Octave: “Vuoi sapere una cosa? Vorrei sparire in un pozzo senza fondo!”
Robert: “E a che cosa ti servirebbe?”
Octave: “A non vedere più nulla, a non cercare più ciò che è bene e ciò che è male. Perché a questo mondo c’è una cosa terribile, che ognuno ha le proprie ragioni”.

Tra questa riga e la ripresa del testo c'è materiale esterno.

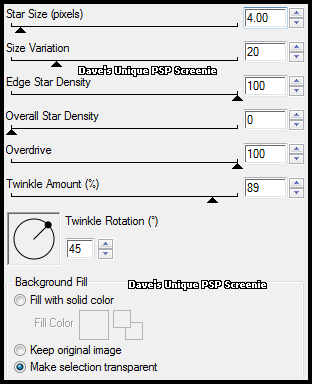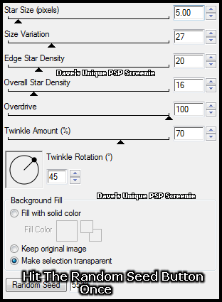 Rename this layer xeno and Duplicate it three times (for a total of 4) Activate the xeno layer Effects> Xenofex> Constellation ... with the following settings
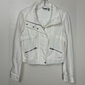 Athleta Linen High Neck Long Sleeve Lightweight Jacket White Size XS 0204

Il passaggio dei treni che solcano molti momenti del film, con il “va e vieni” degli stati d’animo di Maria, danno la misura di una andata e ritorno alle radici del generarsi delle immagini in empatia con il processo di riconoscimento di una donna, con il suo impulso a guarirsi attraverso una pacificazione che ha le sue ragioni anzitutto nell’umano. Ed è il suo volto riflesso nel finestrino del treno che la riporta a casa, un volto la cui bellezza e la cui sofferenza trovano finalmente assolvimento nel rivolgersi, al di là del tempo e dello spazio, a suo padre che ora ha trovato posto in lei quasi insieme coincidendo con, e suturando il, buco nero che dalla sua testa è come disceso nel cuore, chiarificandosi.

“Ciao Papà sto venendo, l’aggio guardato int’all’uocchie, ma proprio quando…. però è bello a fa pace, è bello”, sono le parole del cuore che, come echeggianti dal ritmo dei binari e dal flusso della musica di Philip Glass, ascoltiamo, mentre l’evanescenza delle immagini e dei paesaggi trascorre sul suo volto riflesso dal finestrino, assimilato allo schermo. Quest’immagine finale ci fa comprendere che quando un film è capace di rispecchiarci, allora guardiamo negli occhi noi stessi.

Riferimenti bibliografici
L.S. Leonard, La donna ferita. Modelli nel rapporto padre-figlia, Astrolabio-Ubaldini, Roma 1985.
P.P. Pasolini, Empirismo eretico, Garzanti, Milano 1972.

Il buco in testa. Regia: Antonio Capuano; sceneggiatura: Antonio Capuano; fotografia: Gianluca Laudadio; montaggio: Diego Liguori; interpreti: Teresa Saponangelo, Tommaso Ragno, Francesco Di Leva, Gea Martire, Vincenza Modica, Anita Zagaria, Daria D’Antonio (II), Bruna Rossi, Alberto Ricci Höiss, Vincenzo Ruggiero, Pietro Juliano; produzione: Eskimo, in collaborazione con Rai Cinema, Minerva Pictures Group, Mad Entertainment; origine: Italia; anno: 2020; durata: 95′.